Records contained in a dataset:
──────────

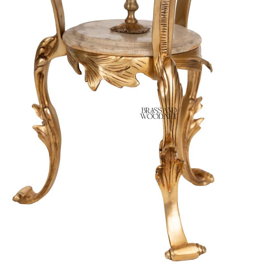Table d'appoint ronde de luxe à deux niveaux avec plateau en marbre beige naturel et cadre en laiton doré orné de feuilles pour la décoration intérieure des palais
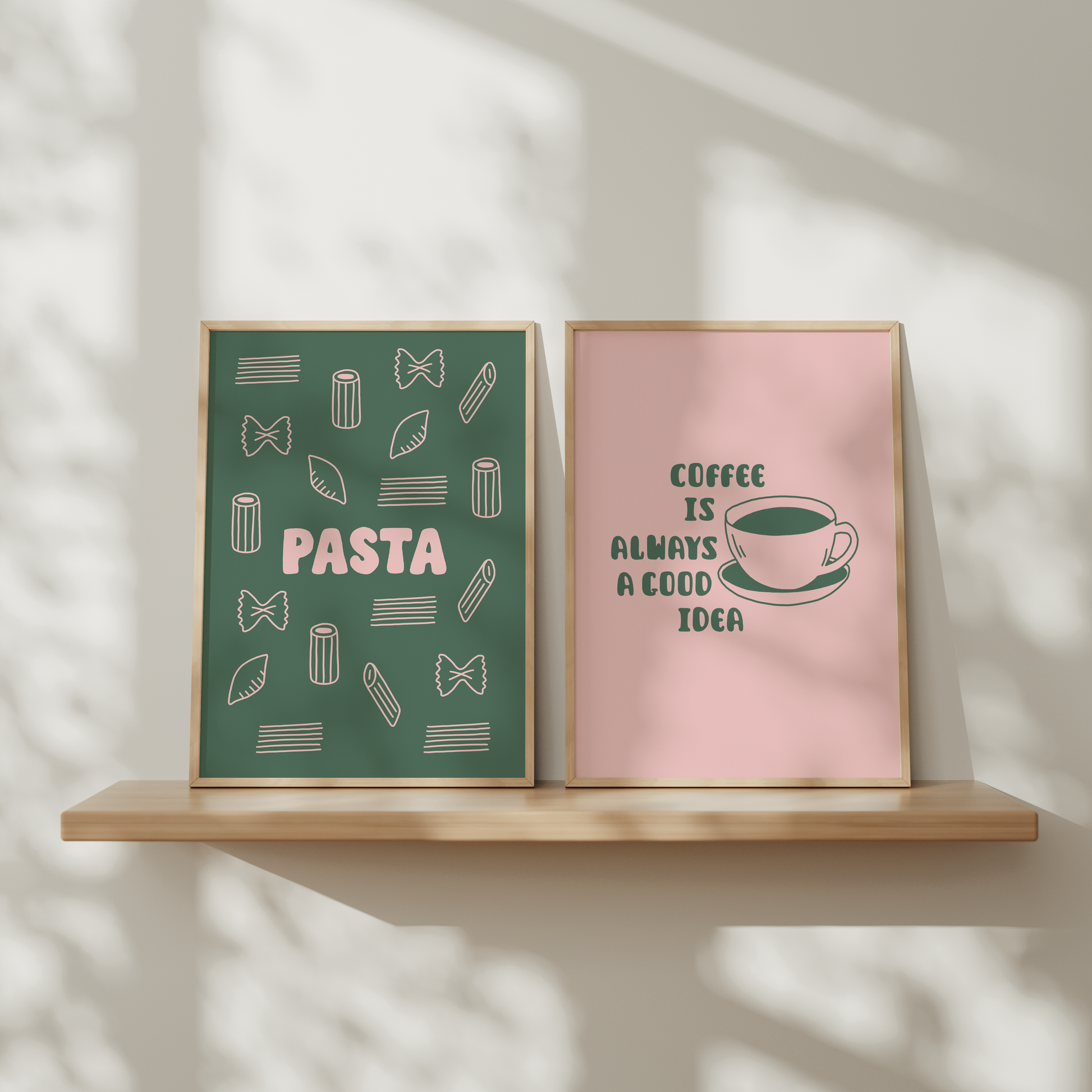 Dieses charmante 2er-Poster-Set in frischer Grün- und zarter Rosa-Farbpalette bringt liebevolle Food-Vibes in deine Küche. Diese Illustrationen vereinenGenuss und Gemütlichkeit auf moderne Art.
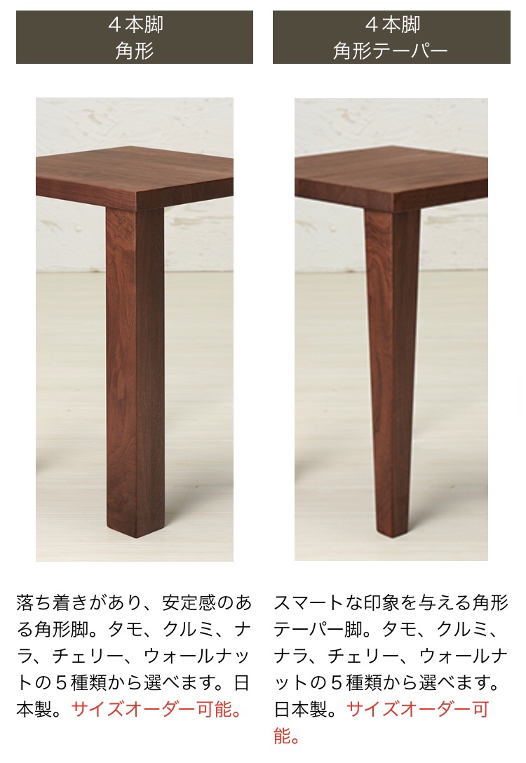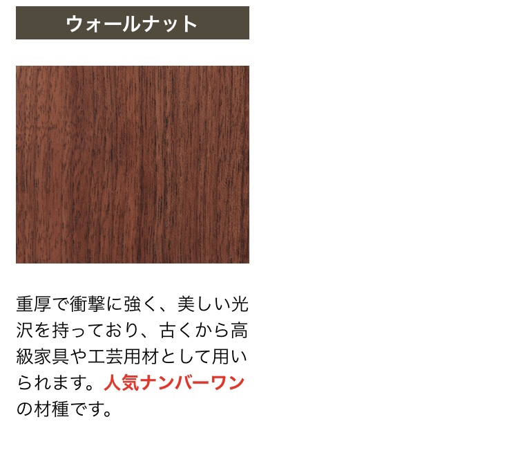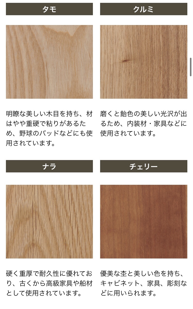タモ、クルミ、ナラ、チェリー、ウォールナットより選べます。
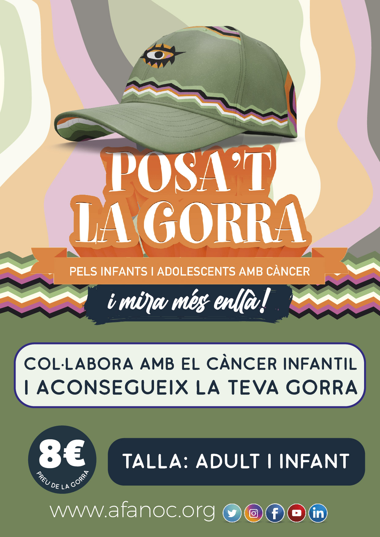 El disseny de la gorra d’aquest any és de l’artista de carrer, d’origen brasiler, Tarsila Schubert. La seva inspiració prové del seu bagatge multicultural i és l’essència de la seva producció. A la gorra, hi predomina el color verd incorporant sanefes en negres, taronges, roses, verds i blancs. Al frontal de la gorra, hi apareix un ull, que interpretem com a expressió de l’atenció, la cura i l’acompanyament que l’AFANOC ofereix a les famílies al llarg del procés del càncer infantil.
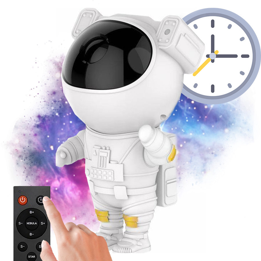 Projektor astronauta posiada wbudowany timer do odmierzania czasu, który działa według dwóch opcji: 45 minut i 90minut. Po tym czasie projekcja automatycznie się wyłącza.
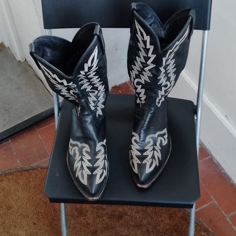 Et par sorte cowboy støvler i størrelse 40. Støvlerne har en karakteristisk hæl og nitter på siden, hvilket giver dem et råt og autentisk look. De er lavet af ruskind og har en elastisk indstigning for nem på- og aftagning. Der er tydelige tegn på brug, især på sålen.

──────────

The response is to contain exactly the lines from the beginning of the data through the line containing "タモ、クルミ、ナラ、チェリー、ウォールナットより選べます。", both ends included, and nothing else; omit the pictures.

Table d'appoint ronde de luxe à deux niveaux avec plateau en marbre beige naturel et cadre en laiton doré orné de feuilles pour la décoration intérieure des palais
 Dieses charmante 2er-Poster-Set in frischer Grün- und zarter Rosa-Farbpalette bringt liebevolle Food-Vibes in deine Küche. Diese Illustrationen vereinenGenuss und Gemütlichkeit auf moderne Art.
タモ、クルミ、ナラ、チェリー、ウォールナットより選べます。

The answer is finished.